There is still a lot to do, and things that are broken (oneofs,
repeated fields, etc), but it's a good start.
---
 DESIGN.md | 83 +++++++++++++++++++++++++++++++++++++++++++++++++++++++++++++++
 1 file changed, 83 insertions(+)
 create mode 100644 DESIGN.md

(limited to 'DESIGN.md')

diff --git a/DESIGN.md b/DESIGN.md
new file mode 100644
index 0000000..4e6dc04
--- /dev/null
+++ b/DESIGN.md
@@ -0,0 +1,83 @@
+
+μpb Design
+----------
+
+**NOTE:** the design described here is being implemented currently, but is not
+yet complete.  The repo is in heavy transition right now.
+
+μpb has the following design goals:
+
+- C89 compatible.
+- small code size (both for the core library and generated messages).
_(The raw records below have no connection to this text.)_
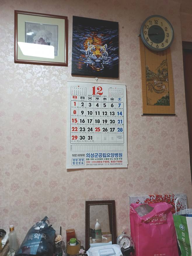 숙소에 불을 켜고 들어가니 한쪽 벽에는 3년 전인 2019년 12월 달력이 걸려 있어서 세월이 멈춘 곳 같았다. 그리고 웬 호랑이 유화 그림이 떡하니 걸려 있어서 그렇지 않아도 심란한데 마음이 편치 않았다. 처음 자는 곳이라 잠도 오지 않았다. 그래도 억지로 잠을 청했는데 보일러가 작동되는지도 몰라서 그냥 잤더니 새벽에 냉골이 되어 몹시 추웠다. 결국 거의 한잠도 못 잤다.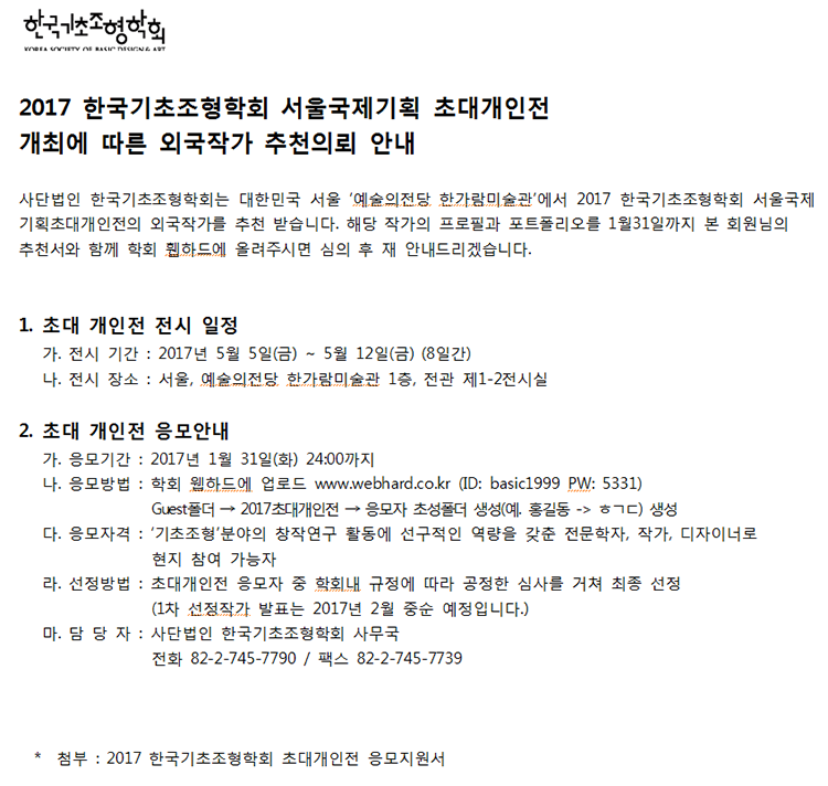 2017 한국기초조형학회 서울국제기획 초대개인전 개최에 따른 외국작가 추천의뢰 안내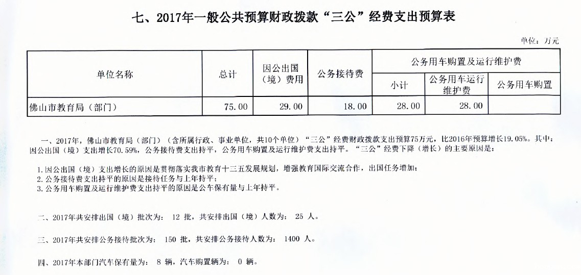 2017年 “三公”经费财政拨款预算合计75万元(详见表七)。其中:因公出国(境)经费预算29万元,占38.67%;公务用车购置及运行费预算28万元(包括:公务用车购置费0万元、公务用车运行费28万元),占37.33%;公务接待费预算18万元,占24%。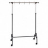 This versatile steel chart stand adjusts to hold both pocket and flip charts. Features sturdy locking casters and 5-ring style hooks for hanging. The height adjusts from 50" to 80" and the length from 35" to 74" for maximum display space. Easy to assemble.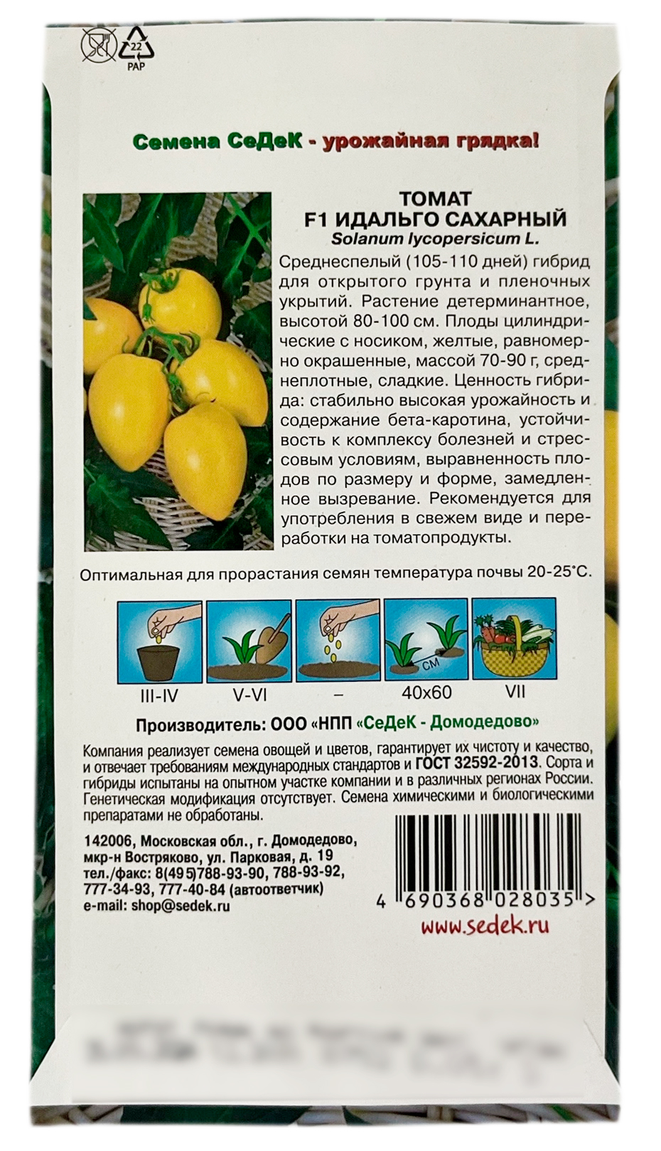 Томат F1 ИДАЛЬГО САХАРНЫЙ СеДеКСреднеспелый (105-110 дней) гибрид для открытого грунта и пленочных укрытий. Растение детерминантное, высотой 80-100см. Плоды цилиндрические с носиком, желтые, равномерно окрашенные, массой 70-90г, среднеплотные, сладкие. Ценность гибрида: стабильно высокая урожайность и содержание бета-каротина, устойчивость к комплексу болезней и стрессовым условиям, выравненность плодов по размеру и форме, замедленное вызревание. Рекомендуется для употребления в свежем виде и переработки на томатопродукты.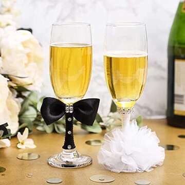 Why You Will Love This Product?Imagine clinking these gorgeous flutes together as you share your first toast as a couple, or raising them during an anniversary dinner surrounded by loved ones. These Decorative Glass Champagne Flutes encapsulate the spirit of joy, celebration, and togetherness. Beyond functionality, they serve as a lasting reminder of your most cherished moments—all while adding a touch of grace and sophistication to your ceremonies. You will appreciate how they enhance the ambiance of any gathering with elegance and charm, creating lasting memories for years to come.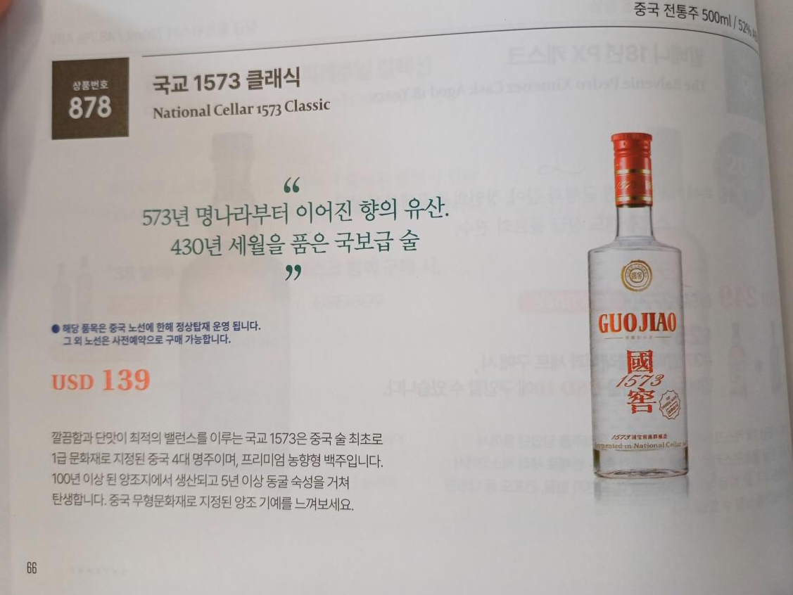 징동 온라인 쇼핑몰에 기내 면세점에서 판매하는 해외 수출용 제품과 동일한 제품이 판매되고 있었는데, 온라인 쇼핑몰 판매 제품이 약 5만 원가량 저렴했고, 중국 내수용과 비교해도 내수용 제품이 약 3만 정도 저렴했다. 국교 1573은 가능하면 중국 현지에서 구매하길 추천!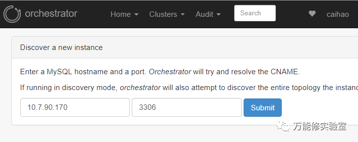 "ListenAddress": ":3333", --供WebGUI访问的端口"AuthenticationMethod": "basic", --身份验证类型。可选如下参数:1 "" 无认证,2 "basic" 用户密码认证3 "multi" 类似basic,但也接受用户readonly使用任何密码。readonly用户被允许查看所有内容,但无法通过API来执行写入操作(such as stopping a replica, repointing replicas, discovering new instances etc.)"HTTPAuthUser": "caihao", --身份验证用户名"HTTPAuthPassword": "caihao", --身份验证密码"MySQLTopologyUser": "orc_client", --client 用户名密码"MySQLTopologyPassword": "orch_client_pass", --client 用户名密码"HostnameResolveMethod": "none", --所有数据库使用IP地址识别【默认是主机名识别,而且要唯一】"MySQLHostnameResolveMethod": "","MySQLOrchestratorHost": "127.0.0.1", --Orchestrator Server DB的配置信息"MySQLOrchestratorPort": 3306,"MySQLOrchestratorDatabase": "orchestrator","MySQLOrchestratorUser": "orc_server","MySQLOrchestratorPassword": "orc_server_pass","RecoverMasterClusterFilters": ["*"], --定义哪些集群可以自动failover/recover"RecoverIntermediateMasterClusterFilters": ["*"],"PostMasterFailoverProcesses": --指定故障转移后要执行的操作。(可以多次指定)。如稍后所述运行故障转移脚本。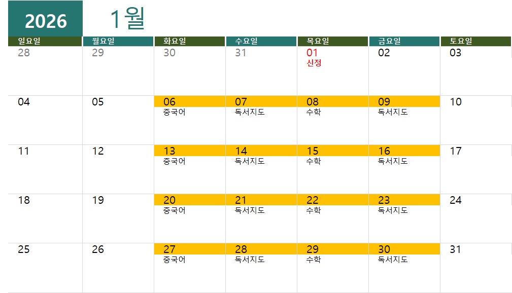 <1월 행사 및 계획표>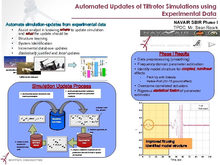 Automated Updates of Tiltrotor Simulations using Experimental Data NAVAIR SBIR Phase I TPOC: Mr. Sean Roark Automate simulation-updates from experimental data • • • Assist analyst in knowing where to update simulation and what the update should be Structure learning System Identification Incremental database updates Statistically justified and local updates Phase I Results • Data preprocessing (smoothing) • Frequency domain parameter estimation • Identify model structure for coupled, nonlinear effects aeronautics. arc. nasa. gov - halfdome. arc. nasa. gov Simulation Update Process • Overcome correlated actuators • Rigorous statistical fusion of parameter estimates 1. automatically determine nonlinear regression structure at a particular condition 5. automatically update simulation data based upon analysis Pitch Up with Sideslip Heave-Roll (XV-15 ground effect) nonlinear terms (e. g. , splines) C M C ( a , Mach , . . . ) = z i i Simulation M = C M +. . . + C 0 . . . + C Data Tables M a 1 a + Ma - 40 ) 2 ] + [( a 2. Perform regression on data 4. convert to form suitable for simulation data table Proprietary Convert to aero table format = Ma 1 ± N (0 , s C m M a 1 M ) Experimental Flight Data a 1 3. compute confidence measures for the parameters that will be used to update the database Improved fit using identified model structure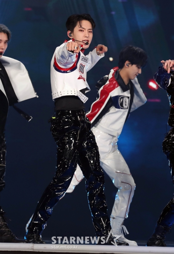그룹 세븐틴(Seventeen) 호시가 2일 오후 방송된 2021 Asia Artist Awards(2021 아시아 아티스트 어워즈, 2021 AAA) 시상식에서 멋진 무대를 선보이고 있다.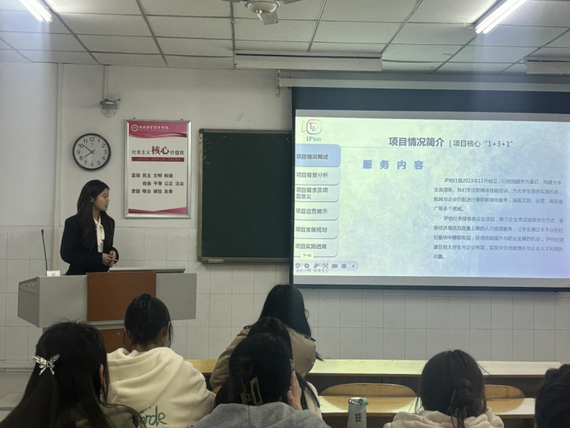 老师听完每个队伍的讲解后,从项目的可行性、PPT的制作、汇报人的状态和仪容仪表等方面提出了针对性的建议。此外,尚津老师还着重强调了参赛的注意事项,提醒参赛队伍从成功者身上汲取经验,并与同学们进行了交流互动。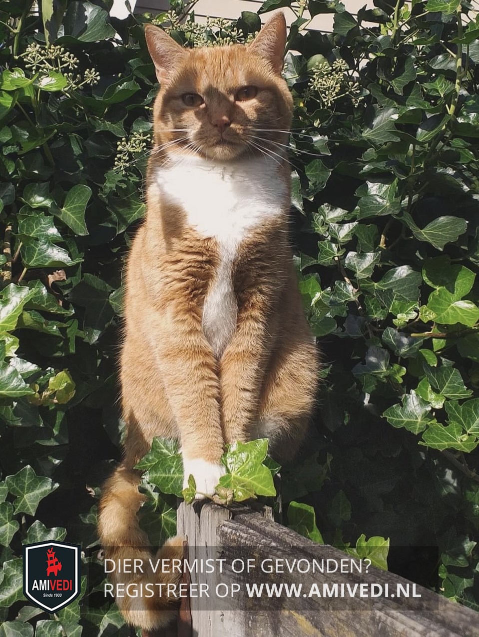 | Signalement | Rood witte poes met grote witte bef. Oranje-bruine ogen |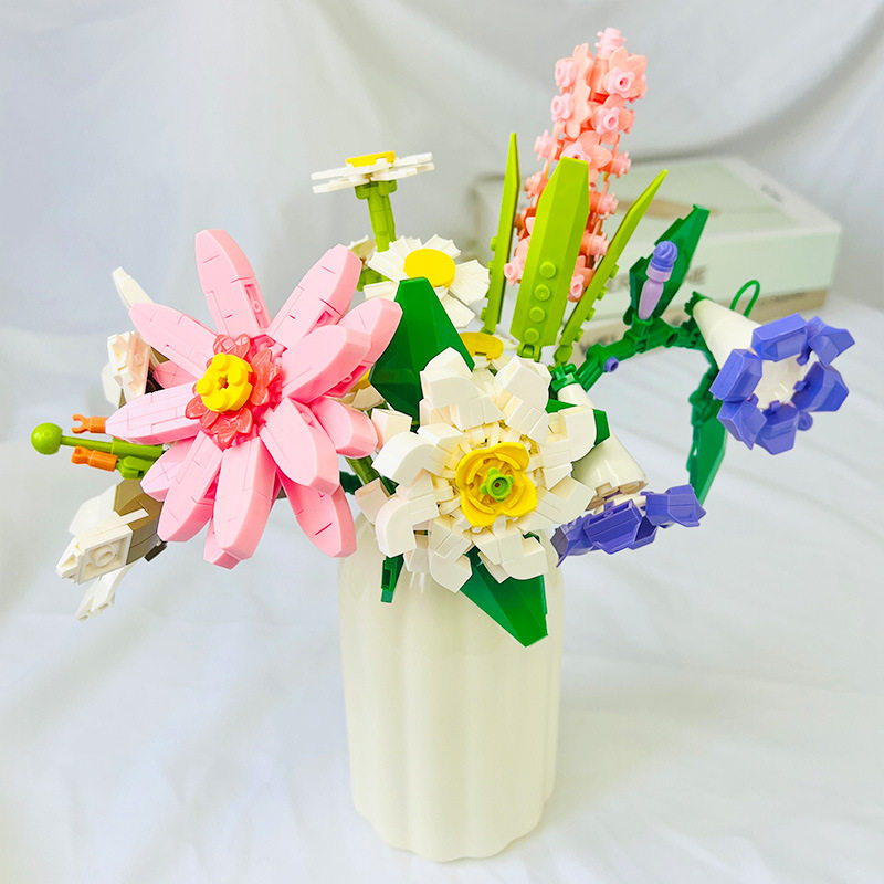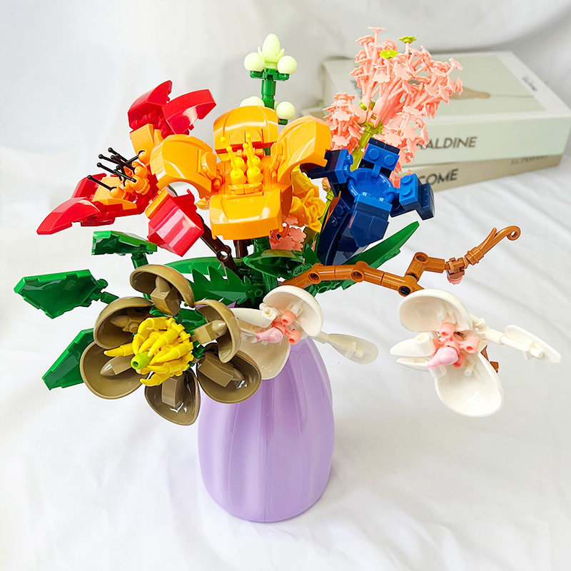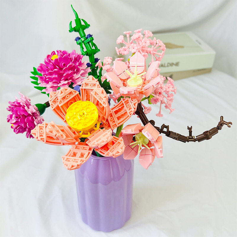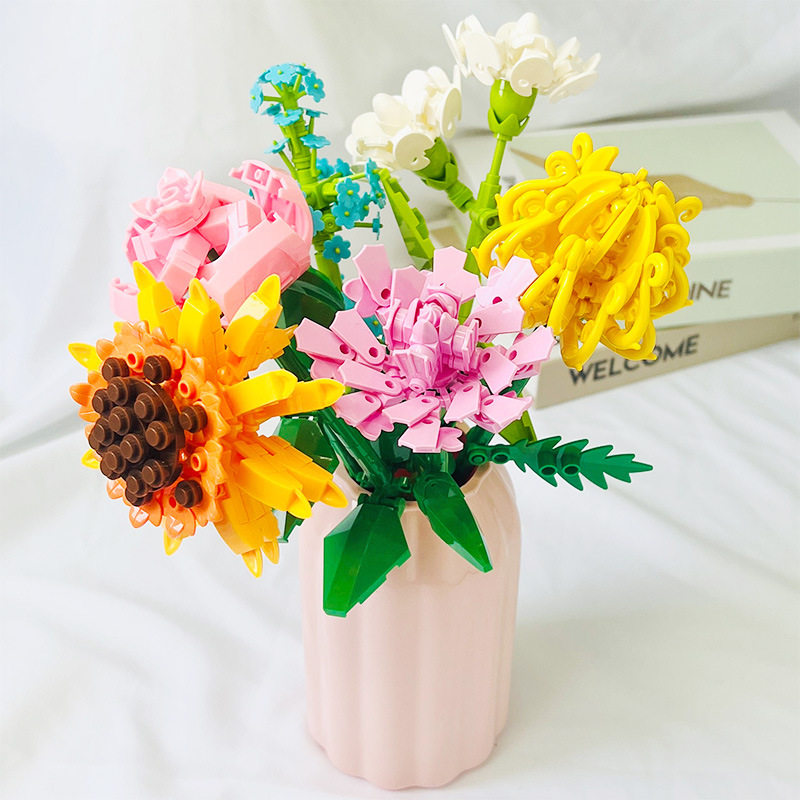永生花植物花束积木拼装玩具创意盆栽儿童女孩摆件手工圣诞节礼品

+- fast performance (hundreds of MB/s).
+- idiomatic for C programs.
+- easy to wrap in high-level languages (Python, Ruby, Lua, etc) with
+  good performance and all standard protobuf features.
+- hands-off about memory management, allowing for easy integration
+  with existing VMs and/or garbage collectors.
+- offers binary ABI compatibility between apps, generated messages, and
+  the core library (doesn't require re-generating messages or recompiling
+  your application when the core library changes).
+- provides all features that users expect from a protobuf library
+  (generated messages in C, reflection, text format, etc.).
+- layered, so the core is small and doesn't require descriptors.
+- tidy about symbol references, so that any messages or features that
+  aren't used by a C program can have their code GC'd by the linker.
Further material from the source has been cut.